Exercise instructions: Excluding pictures, transcribe precisely the lines from the one containing "Ariat Men's Team" to the final line of the listing below, inclusive, and nothing more.

Data excerpt:
"""

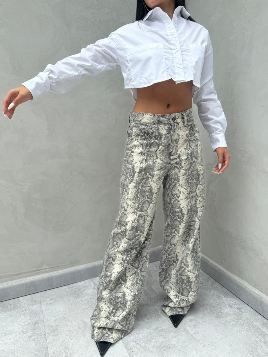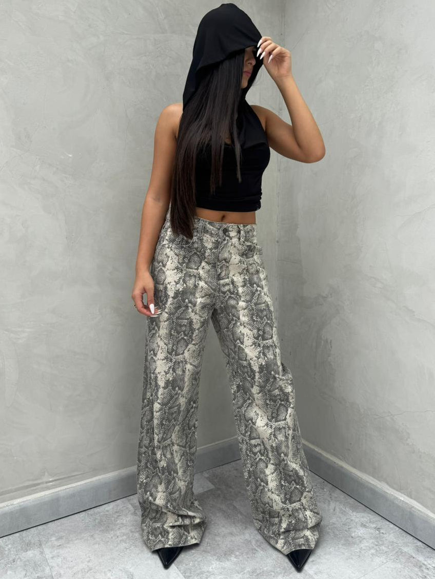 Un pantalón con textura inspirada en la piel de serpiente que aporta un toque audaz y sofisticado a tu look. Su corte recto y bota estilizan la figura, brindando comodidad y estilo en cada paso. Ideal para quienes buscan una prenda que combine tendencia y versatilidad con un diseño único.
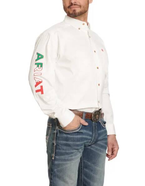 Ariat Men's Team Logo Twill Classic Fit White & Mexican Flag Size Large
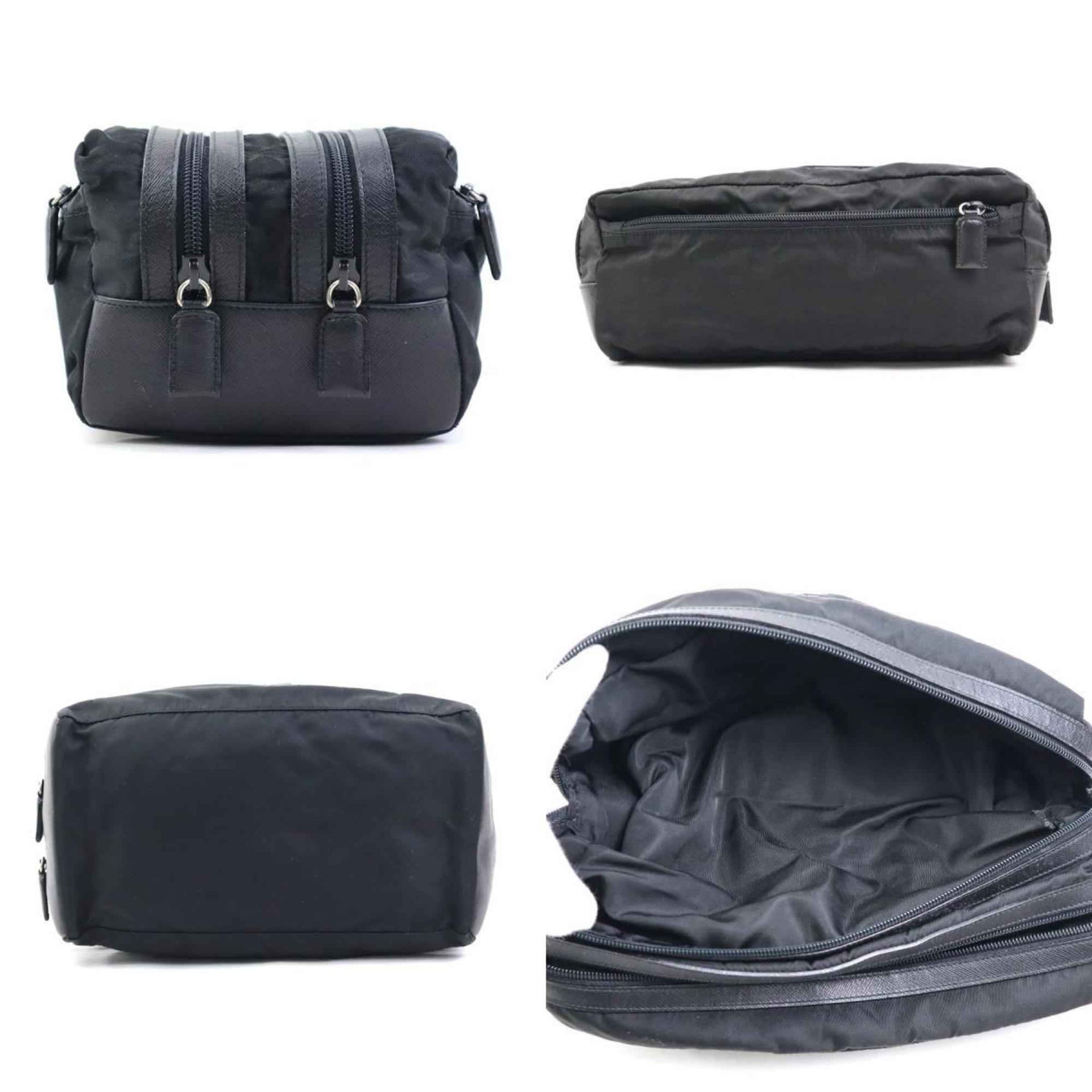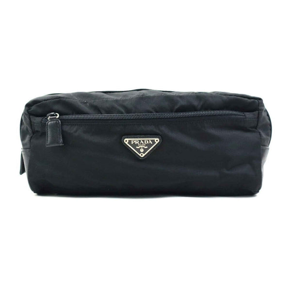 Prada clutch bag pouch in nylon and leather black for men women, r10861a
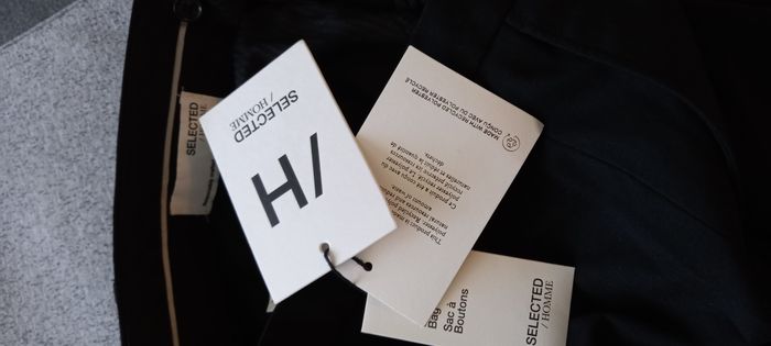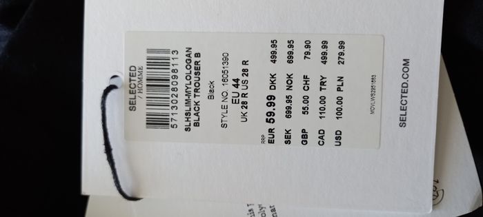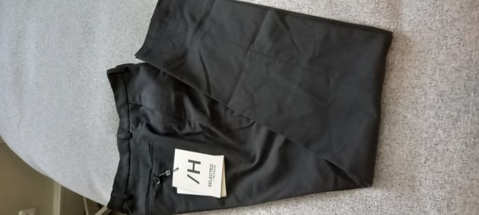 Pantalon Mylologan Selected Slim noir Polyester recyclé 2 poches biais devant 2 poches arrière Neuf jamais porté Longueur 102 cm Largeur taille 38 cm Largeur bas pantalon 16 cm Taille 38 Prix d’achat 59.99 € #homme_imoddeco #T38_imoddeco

"""

Answer box:
 Ariat Men's Team Logo Twill Classic Fit White & Mexican Flag Size Large
 Prada clutch bag pouch in nylon and leather black for men women, r10861a
 Pantalon Mylologan Selected Slim noir Polyester recyclé 2 poches biais devant 2 poches arrière Neuf jamais porté Longueur 102 cm Largeur taille 38 cm Largeur bas pantalon 16 cm Taille 38 Prix d’achat 59.99 € #homme_imoddeco #T38_imoddeco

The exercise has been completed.